EL PRESERVATIVO ¿PREOCUPACIÓN MASCULINA?

Los sexólogos indican que, al igual que los roles de género dictaminan que son los hombres quienes tienen el deber de iniciar la conquista de la mujer,  también revela que queda en sus manos aportar la protección en la relación sexual.  La eficacia del preservativo masculino se sitúa en un 98% frente a las ITS, pero si las mujeres quieren una relación en términos de igualdad y preservar su salud, deben ser ellas mismas quienes lleven el preservativo y propongan su utilización.

En este caso, el preservativo femenino puede ser un arma de control. Tan solo un 1% de la población lo utiliza, pero, como subraya Pilar Cajide, solventa alguna de las molestias que dan lugar a las quejas más escuchadas: “Da la posibilidad a la mujer de ser ella la que decide ponérselo, facilita la negociación, además de tener la ventaja de poder ponérselo anteriormente a empezar a mantener la relación, sin necesidad de tener que esperar a que haya erección por parte del hombre”. Las mujeres que mantienen relaciones homosexuales también deben evitar riesgos, ya que aunque la transmisión hombre-mujer es más alta que entre mujer-mujer, el riesgo sigue existiendo, por lo que es recomendable la utilización de toallitas de látex en el sexo oral o de preservativos en el intercambio de juguetes sexuales”

EL PRESERVATIVO FEMENINO
-Está hecho de nitrilo (apto para personas alérgicas al látex)
– Se inserta en la vagina y cubre los genitales externos de la mujer
-Puede insertarse hasta 8 horas antes de la relación y no es necesario retirarlo inmediatamente después
-Son compatibles con cualquier tipo de lubricantes
-No es necesario interrumpir la relación

Fuente: Cruz Roja

¿Y SI TENGO SIDA?

El estigma y la discriminación provocan que muchas mujeres no quieran hacerse la prueba para saber si tienen VIH, pero hay muchas otras que ignoran qué deben hacer en estos casos.
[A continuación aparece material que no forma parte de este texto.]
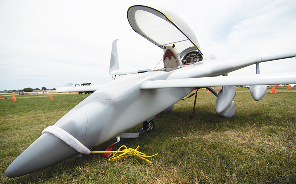 July 25, 2018 - Upgrading from piston to jet power is more affordable than you may realize, and the proof — a Rutan-inspired canard aircraft built around a GE T58 turbine engine — is on the flightline just beyond the Brown Arch.

Como explica Cajide, “es importante tener en cuenta que si deseamos conocer si nos han transmitido VIH no sirve un análisis de sangre rutinario, ya que en ellos no se detecta el virus; debemos solicitar concretamente la prueba de VIH u otras ITS al médico de cabecera”. Esta prueba se debe pedir si se ha mantenido una relación de riesgo, es decir penetración anal, oral o vaginal sin preservativo o en la que se haya roto el mismo. El resultado estará disponible a partir de 10 días.

Existen también las llamadas pruebas rápidas, que consisten “en la obtención de una muestra de sangre mediante pinchazo con lanceta  o de saliva mediante una torunda y analizarla con un kit que no precisa material de laboratorio suplementario y cuyo resultado es de lectura visual”, informa la sexóloga. Los resultados suelen estar disponibles en menos de 30 minutos y se consideran “un cribaje, y un resultado preliminarmente positivo debe ser siempre confirmado con otro tipo de pruebas diagnósticas”. Estos análisis se realizan en diferentes ONG y centros especializados en detección de ITS. “Hay que tener en cuenta también el llamado periodo ventana, el tiempo que tarda el virus en aparecer en el organismo. Si no pasa ese tiempo, la prueba no es totalmente fiable”, advierte. En la detección del VIH este período es de 3 meses, aunque existe cierta discrepancia entre profesionales, “en algunos centros, dan cierta fiabilidad a un período ventana de 4 semanas”.